Example: Coin Tossing

• Likelihood: [math]f\left(\left.x\right|p\right)=p^{x}\left(1-p\right)^{1-x}1\left(x\in\left\{ 0,1\right\} \right)[/math]
• Prior Belief: [math]f\left(p\right)=1\left(p\in\left[0,1\right]\right)[/math]
• Joint Distribution: [math]f\left(x,p\right)=f\left(\left.x\right|p\right)f\left(p\right)=p^{x}\left(1-p\right)^{1-x}[/math]
• Marginal distribution of [math]X[/math]:

[math]\begin{aligned} f\left(x\right) & =\int_{p\in\left[0,1\right]}f\left(\left.x\right|p\right)f\left(p\right)dp\\ & =\int_{p\in\left[0,1\right]}f\left(x,p\right)dp\\ & =\int_{0}^{1}p^{x}\left(1-p\right)^{1-x}dp\\ & =\frac{1}{2},\,for\,x\in\left\{ 0,1\right\} .\end{aligned}[/math]

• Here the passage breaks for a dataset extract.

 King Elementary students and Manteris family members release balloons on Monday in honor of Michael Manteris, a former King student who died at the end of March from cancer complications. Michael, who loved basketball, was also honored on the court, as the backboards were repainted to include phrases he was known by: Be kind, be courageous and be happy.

(The integral above is especially complicated; you don’t need to know how to solve it on your own; however, if you notice that we only need its value at [math]x\in\left\{ 0,1\right\} ,[/math] then one can replace the integrand by [math]px+\left(1-p\right)\left(1-x\right)[/math] and obtain the same result.)

So,

[math]f\left(\left.p\right|x\right)=\frac{p^{x}\left(1-p\right)^{1-x}}{\frac{1}{2}}=2p^{x}\left(1-p\right)^{1-x}.[/math]

To see how this posterior depends on data, consider the case where we observe [math]x=1[/math]. Then, [math]f\left(\left.p\right|1\right)=2p[/math], and our estimate for [math]p[/math] may be

[math]\left(\left.\widehat{p}\right|X=1\right)=E\left(\left.p\right|X=1\right)=\int_{0}^{1}p2pdp=\left.\frac{2}{3}p^{3}\right|_{0}^{1}=\frac{2}{3}.[/math]

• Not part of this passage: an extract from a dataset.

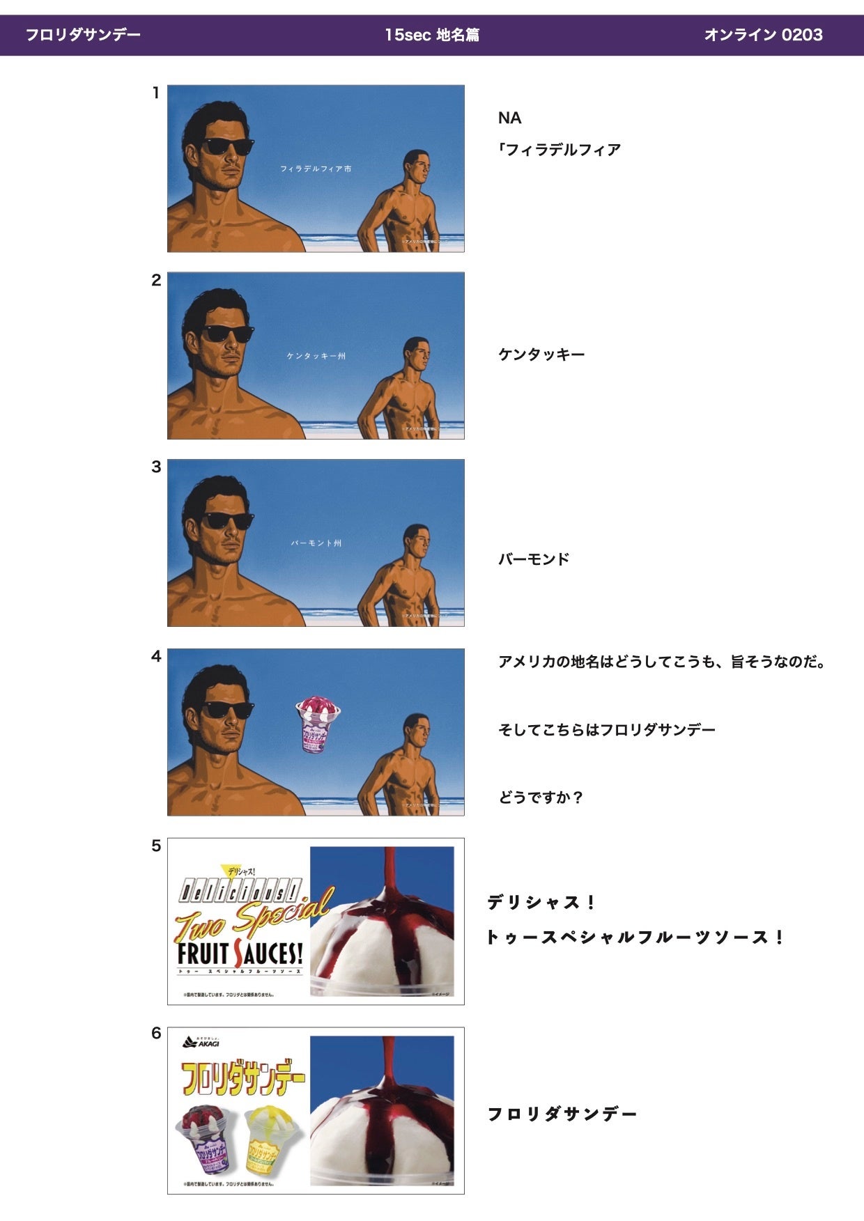■新CMストーリーボード 【フロリダサンデー「地名篇」 15秒】

Now, suppose we observe [math]x=0[/math]. Then, [math]f\left(\left.p\right|1\right)=2\left(1-p\right)[/math], and our estimate for [math]p[/math] becomes

[math]\left(\left.\widehat{p}\right|X=0\right)=E\left(\left.p\right|X=0\right)=\int_{0}^{1}p2\left(1-p\right)dp=\left.2\left(\frac{p^{2}}{2}-\frac{p^{3}}{3}\right)\right|_{0}^{1}=\frac{1}{3}.[/math]

As expected, the point estimate for [math]p[/math] increases with [math]X[/math] .

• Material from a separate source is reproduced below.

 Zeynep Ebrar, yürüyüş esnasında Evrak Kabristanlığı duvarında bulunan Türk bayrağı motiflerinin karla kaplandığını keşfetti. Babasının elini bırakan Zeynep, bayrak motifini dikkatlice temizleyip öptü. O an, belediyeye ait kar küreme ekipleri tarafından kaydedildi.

Below, see the posterior pdfs of [math]p[/math] for [math]x=0[/math] and [math]x=1[/math]:

The posterior probability of [math]p[/math] is higher for higher values of [math]p[/math] when [math]x=1[/math], but it is lower for high values of [math]p[/math] when [math]x=0[/math].